Challenges we ran into

The agent kept clustering. Our first design was one prompt: here are 5 volunteers, dispatch all of them. About 30% of the time, the model would pull a far-flung volunteer back toward the cluster instead of spreading people out. We tested it head to head with per-volunteer prompts. Same model, same scaffolding, one inference per volunteer. The failure went away. The architecture is now per-volunteer by design.

Plan and action would not line up. When we gave the model long strategic preambles, it would write beautifully about sending Alice east and then dispatch her north. We flipped the structure. Decide first, justify second. The dispatch tool call comes first, the reasoning field gets filled in after.

The frontier as suggestion, not constraint. The model sometimes invented coordinates that looked plausible but did not exist in the grid. We hardened this on the server side. Every dispatch is post-validated against the database at tool call time, before any state changes.

Edge versus cloud. We initially scoped the demo for fully on-device inference. After we got it working end to end, we realized something obvious in hindsight. Real SAR coordinators often run incident command from a fire station 30 miles from the search. Cloud Nemotron is not a workaround. It is the realistic deployment model.
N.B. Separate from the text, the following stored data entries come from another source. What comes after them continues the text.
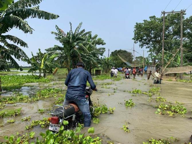 The water level in Kolakhowa Gozal village in Dibrugarh, Assam after the rain stopped.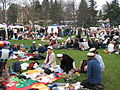 The height of Kaivopuisto's popularity is on Vappu day (1 May), immediately after the preceding Walpurgis Night celebrations in the city centre. On Vappu, Kaivopuisto is packed with tens of thousands of Helsinkians, who come to have a picnic with their friends and families. Fanciful costumes, loud music, and excessive consumption of alcoholic beverages is the routine for a Vappu picnic. It is customary for all attendants who have graduated from the Finnish matriculation exam to wear their student caps at the picnic. A yellowed student cap is taken as a sign of prestige.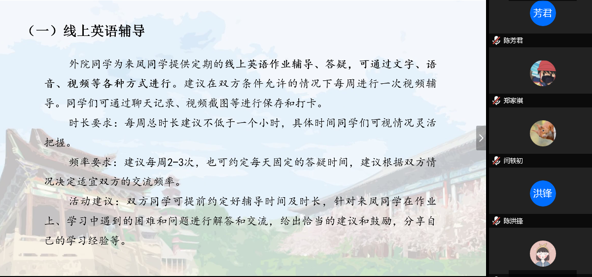 王恒分享了外院的基本情况和防疫工作概况。通过播放外院20周年院庆视频,王恒介绍了北大外院的发展历程和基本情况。此次疫情中,外院各党团支部共开展近200次党团日活动,集体学习习近平总书记的两次回信精神,并开展了专题讲座、“同桌计划”、线上K歌大赛等文体活动,陪伴同学们的居家生活;外院学子还积极投身防疫的志愿服务,通过借助专业翻译防疫物资、无偿献血等方式为抗击疫情做贡献。王恒希望外院同学和来凤同学同心协力、攻克时艰,互相陪伴,一起成长。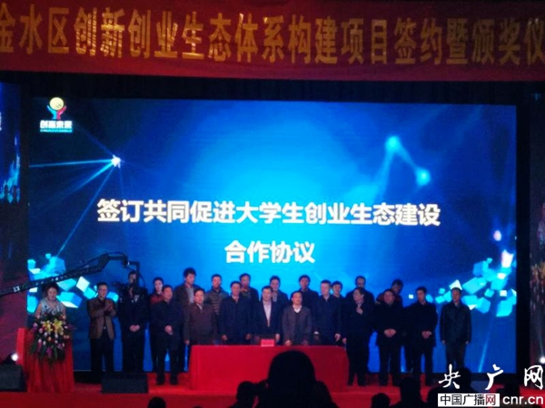 央廣網(wǎng)河南分網(wǎng)12月24日消息 (本網(wǎng)特別報(bào)道組)12月22日上午,金水區(qū)創(chuàng)新創(chuàng)業(yè)生態(tài)體系構(gòu)建項(xiàng)目簽約暨頒獎(jiǎng)儀式在儉學(xué)街金水區(qū)大學(xué)生創(chuàng)業(yè)園大禮堂隆重舉行,這是繼2015年金水區(qū)舉行的第三次創(chuàng)新創(chuàng)業(yè)大賽。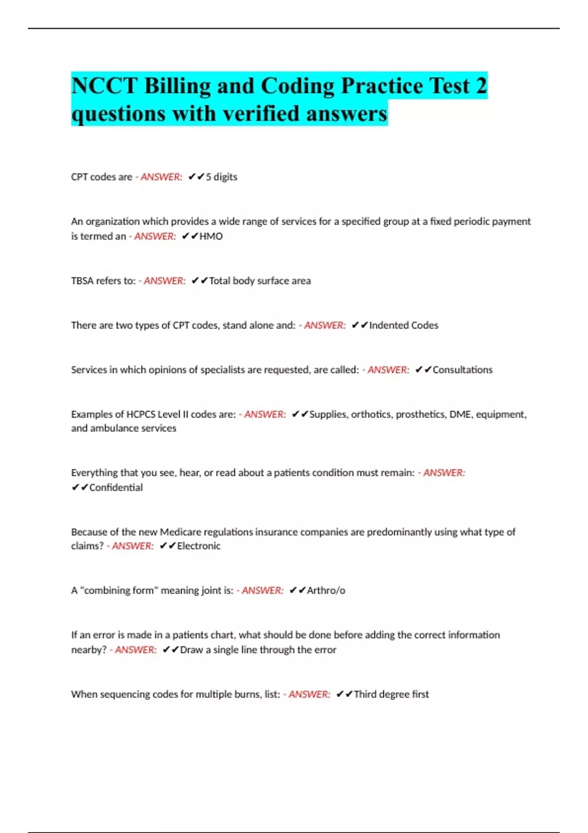 NCCT Billing and Coding Practice Test 2 questions with verified answers

We kept the on-device path documented as a migration target.

Accomplishments that we're proud of

  • Multiple people showing up live in the app, with coverage state lighting up across every map within 5 seconds. Walk into a hex, every other phone in the mission shades it green.

  • Real, sound dispatch decisions made fully autonomously by the agent. Nemotron picks the segment, writes the instruction, justifies the reasoning, and dispatch_searcher mutates the database. The volunteer's phone shows the new dispatch on the next poll cycle. End to end, no human in the loop.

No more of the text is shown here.